Addressed code review, moving the code and adding more testing, including the v8.5 one.

fpetrogalli marked 4 inline comments as done.Jul 7 2020, 2:00 PM
sdesmalen added inline comments.Jul 8 2020, 12:51 AM
clang/lib/Driver/ToolChains/Arch/AArch64.cpp
369

Is this correct and/or necessary? I would expect LLVM to just handle features in the order they're passed, and the architecture version is always processed first, e.g. -march=armv8.6-a+noi8mm will always first process armv8.6a before processing features like noi8mm.

fpetrogalli marked 2 inline comments as done.Jul 8 2020, 7:20 AM
fpetrogalli added inline comments.
clang/lib/Driver/ToolChains/Arch/AArch64.cpp
369

I was expecting that too, but in in this place the +i8mm is added after whatever the user have passed to -march, which means that without this extra check the user input -mattr=armv8.6a+sve+noimm8 becomes broken because we are adding -target-feature=+i8mm after -i8mm. This behavior is guarded by a regression tests that starts failing if I don't use these extra checks. This was not needed in the original place were I added the functionality because the +i8mm was being added right after +v8.6a and before splitting up the +sve+noi8mm, so that the user input was the one (un)setting the feature.

sdesmalen added inline comments.Jul 8 2020, 9:46 AM
clang/lib/Driver/ToolChains/Arch/AArch64.cpp
369

As you said, we end up with a Feature list as follows:

parsing(-march=armv8.6-a+noi8mm)
=> Features = [ v8.6a ]

parsing(+noi8mm)
=> Features = [ v8.6a, -i8mm ]

Then going through the feature list again:
=> Features = [ v8.6a, -i8mm, +i8mm ]
                ^^^^^          ^^^^
                  \_____________/
                     adds +i8mm

To fix that, you can insert these features into the list straight after "+v8.6a", instead of appending at the end of the Features list. Either that, or calling llvm::AArch64::getDefaultExtensions() + llvm::AArch64::getExtensionFeatures() in getAArch64ArchFeaturesFromMarch like is done in DecodeAArch64Mcpu, which should do all this for free.
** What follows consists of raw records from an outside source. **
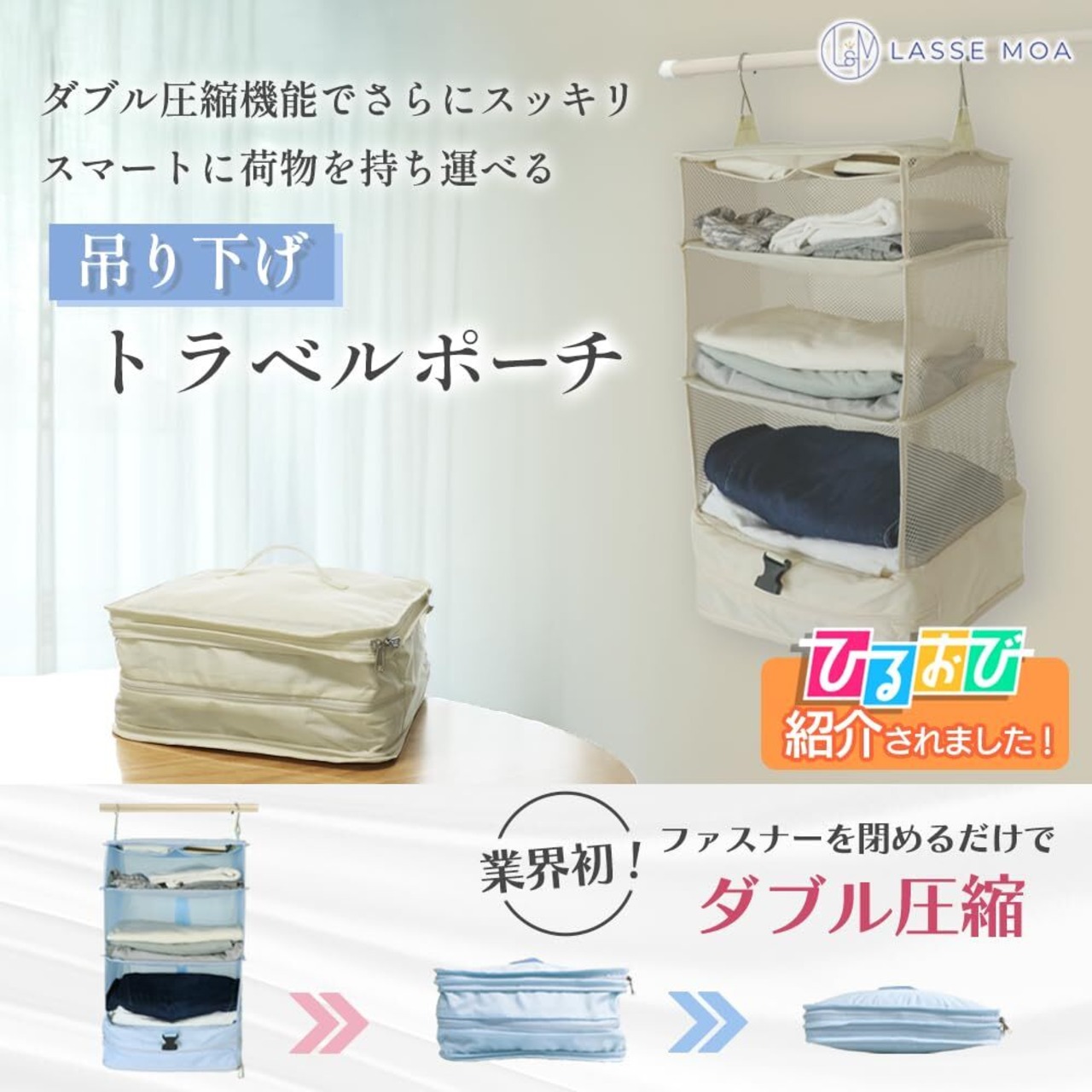 \「ひるおび」で紹介/ トラベルポーチ 吊り下げ 旅行用圧縮袋 【業界初”ダブル圧縮”でさらにコンパクト】 旅行 便利グッズ 衣類 収納 パッキング 意匠権取得済 LASSE MOA (ブラック, Lサイズ)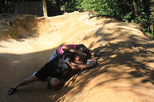 我借用一頂紅軍八角帽戴在頭上,與一位同仁進入工事,趴在溝壕中。一會兒叫“臥倒”,兩人作埋頭俯臥狀,仿佛敵軍炸彈在工事附近爆炸;一會兒喊“敵人上來了,快打”,兩人向沖上山來的敵人做開槍狀;一會兒做投擲手榴彈狀—用礦泉水瓶權當“手榴彈”;體驗了一番“當年鏖戰急”的景象,引得旁觀同仁哄然大笑,并不停地“咔嚓咔嚓”,為我們兩人留下了許多“戰爭”的身影。事后一看,嘿,照得很自然很逼真嘛!
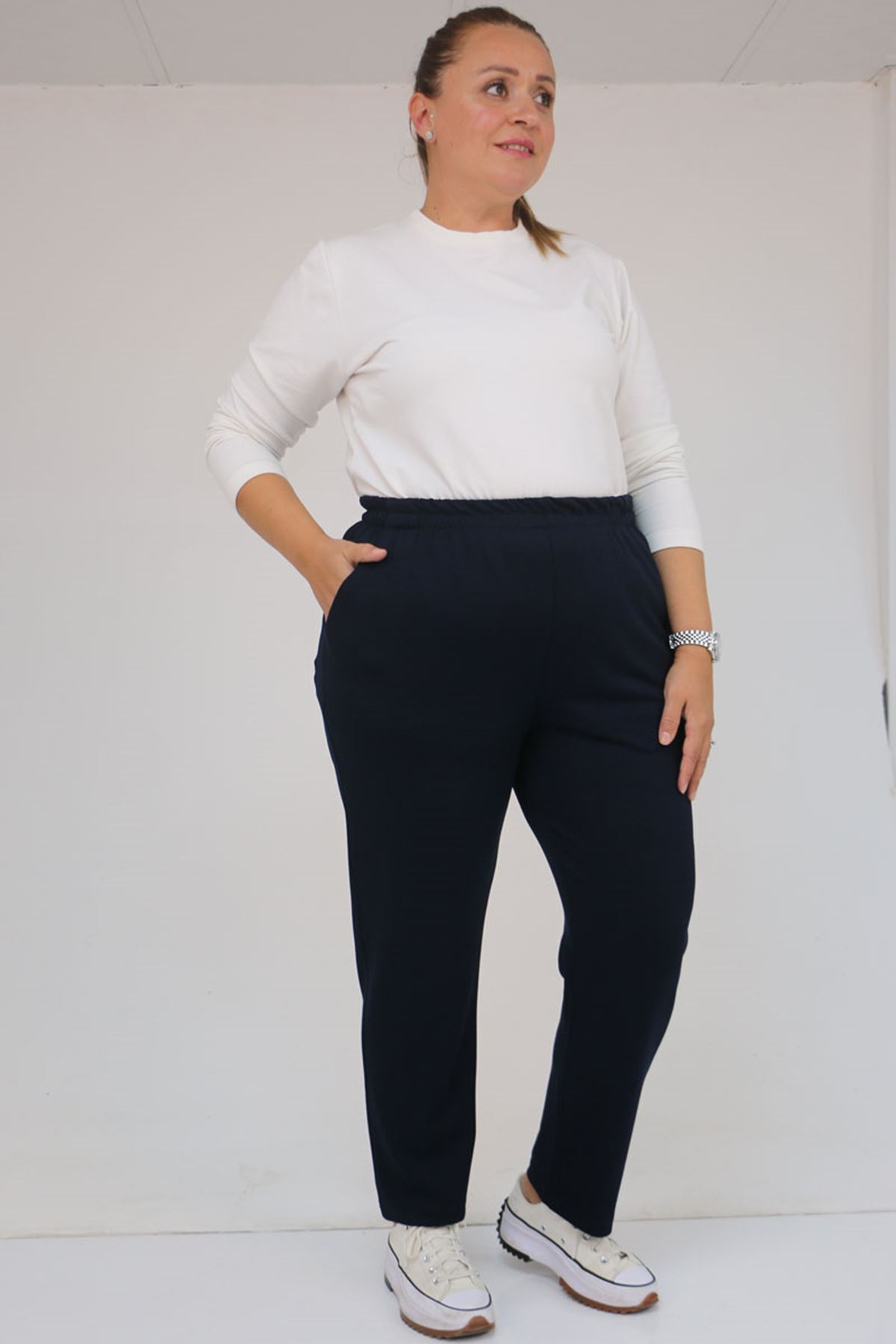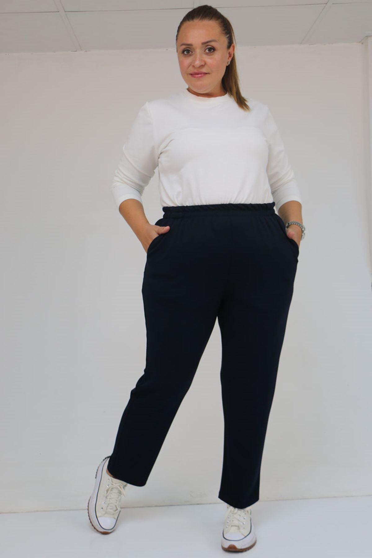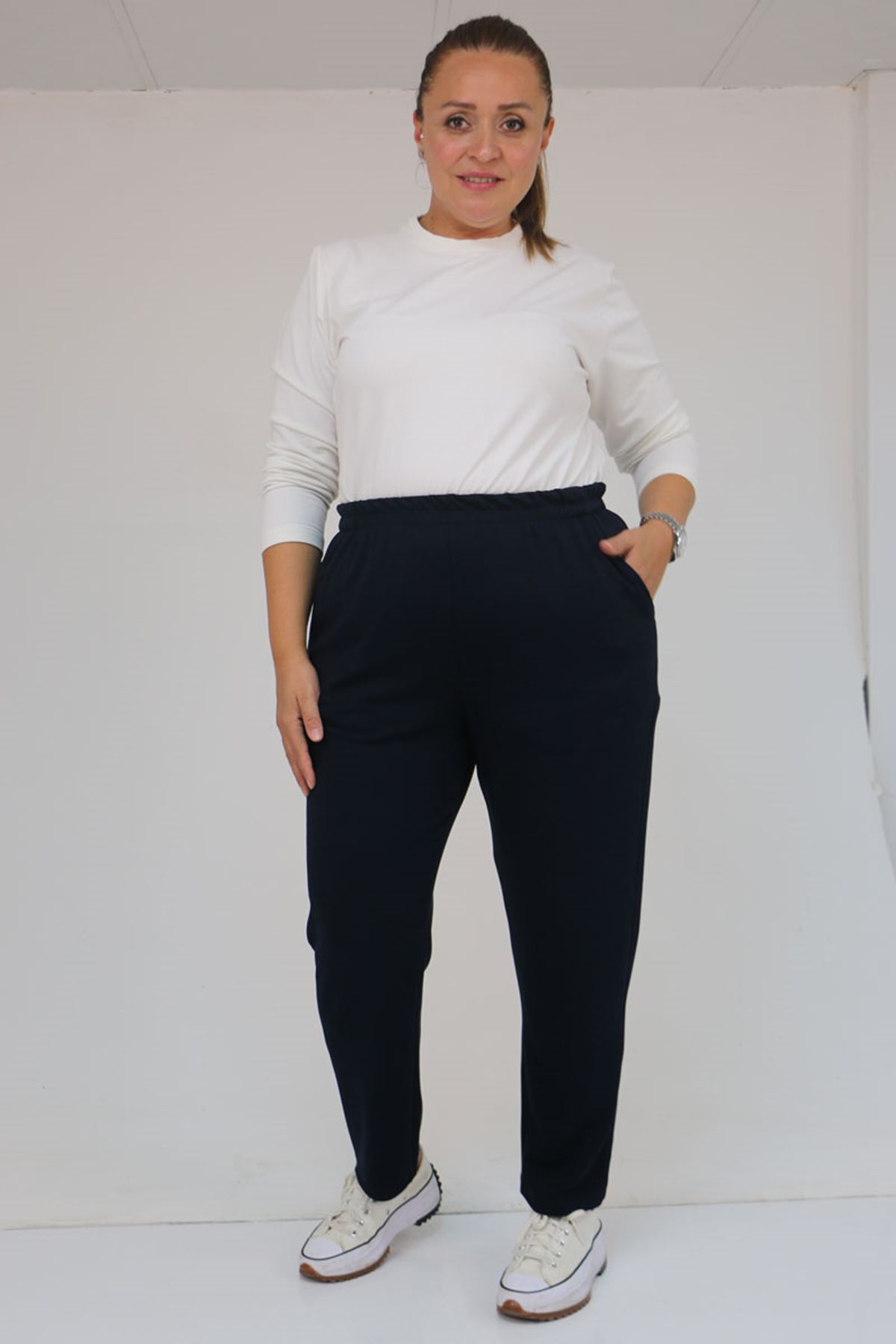59029 Büyük Beden Beli Lastikli Boru Paça Modal Pantolon - Lacivert

That seems like a more invasive change though that you shouldn't try to do in this patch.

fpetrogalli marked an inline comment as done.

@sdesmalen, I have followed your suggestion to use insert instead of push_back!

Code is much nicer now, thanks!

fpetrogalli marked an inline comment as done.Jul 8 2020, 1:37 PM
sdesmalen added inline comments.Jul 13 2020, 12:48 AM
clang/lib/Driver/ToolChains/Arch/AArch64.cpp
370

Both +i8mm and +bf16 should be added at iterator V8_6Pos, because I believe that std::next(V8_6Pos) inserts it after the item that follows v8.6a, rather than after v8.6a directly.

sdesmalen added inline comments.Jul 13 2020, 7:51 AM
clang/lib/Driver/ToolChains/Arch/AArch64.cpp
370

Never mind the above comment, you pointed out offline that std::next is correct because insert inserts the value before V8_6Pos, my bad!

Looking at the documentation for std::vector::insert, it seems you can write:

if (V8_6Pos != std::end(Features))
  Features.insert(std::next(V8_6Pos), {"+bf16", "+i8mm"});

which avoids having to update V8_6Pos.

Update the insert invocation to use initializer list instead of calling it twice.

fpetrogalli marked 2 inline comments as done.Jul 13 2020, 8:54 AM
sdesmalen accepted this revision.Jul 13 2020, 9:12 AM

LGTM again!

clang/test/Preprocessor/aarch64-target-features.c
163

nit: I don't think you really need to test all permutations, one positive test (for -march=armv8.6-a+sve) and this negative test should be sufficient?

Removed extra tests that are not needed.

fpetrogalli marked an inline comment as done.Jul 14 2020, 9:41 AM
This revision was automatically updated to reflect the committed changes.